A manchete da Folha, dizendo que a população de moradores de rua da cidade de Saão Paulo passa de 30 mil e que cresceu 31% desde o início da pandemia é, infelizmente, incorreta.
Necessário, o censo realizado para prefeitura não capta os números corretos, porque grande parte destas pessoas, com toda a razão, é arredia e tenta escapar do contato com o poder estatal, no qual enxerga – e não sem razão – uma ameaça.
O que o estado, afinal, sempre lhes deu foram bordoadas, jatos de água fria e, mesmo quando é mais “suave” o “você não pode dormir aí”.
Além do mais, o “censo dos desvalidos” é feito, evidente, nas áreas onde se concentram, mas há muitos mais espalhados por todas as áreas da cidade, vivendo seu abandono solitario, sem formar grupos identificáveis, um dia aqui e ou ali.
Um vez, ouvi de Leonel Brizola o trecho de uma diálogo que teve com Samora Machel, líder da então recente independência de Moçambique, no qual perguntou ao africano quantas pessoas havia no país. Machel deu o número dos habitantes das idades e falou: “ainda há os elefantes”. Não eram os imponentes animais, mas os seres humanos que viviam internados nas selvas do país, dois quais só se tinha notícias quando surgiam, em bandos, nas cidades e vilas.
Claro que há, entre eles, problemas de toda ordem: familiares, de dependência de álcool e drogas, distúrbios mentais, deficiências físicas, etc. Mas, mesmo limitada, a pesquisa mostra que, para a maioria, mesmo, é a falta de emprego e renda, esta miserável e insuficiente não só para morar, mas para comer, medicar-se e cobrir-se com algo que não sejam simples farrapos.
Não são um problema exclusivamente paulistano, também sabemos, e não vai ser resolvido apenas com acolhimento e caridade pública, ainda que isso mitigue o sofrimento destes nossos irmãos e irmãos.

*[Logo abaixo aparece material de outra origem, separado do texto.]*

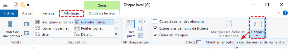 Étape 1. Accédez à Explorateur de fichiers > Affichage > Options > Modifier les options des dossier et de recherche.

Muito menos haverá solução na base da “ordem púbica”, removendo as pessoas para onde não possam ser vistas e não firam os olhos e não amedrontem a classe média.
Nem a cidade mais rica do país tem condições de resolver este drama por seus próprios meios se o país tratar o emprego e a renda da população com menos atenção que os delírios demagógicos do presidente da República e a cumplicidade de uma crista política que o sustenta.
Ao contrário, esta multidão só aumente e, a cada dia, vai perdendo o sentimento de dignidade do qual precisa para reerguer-se.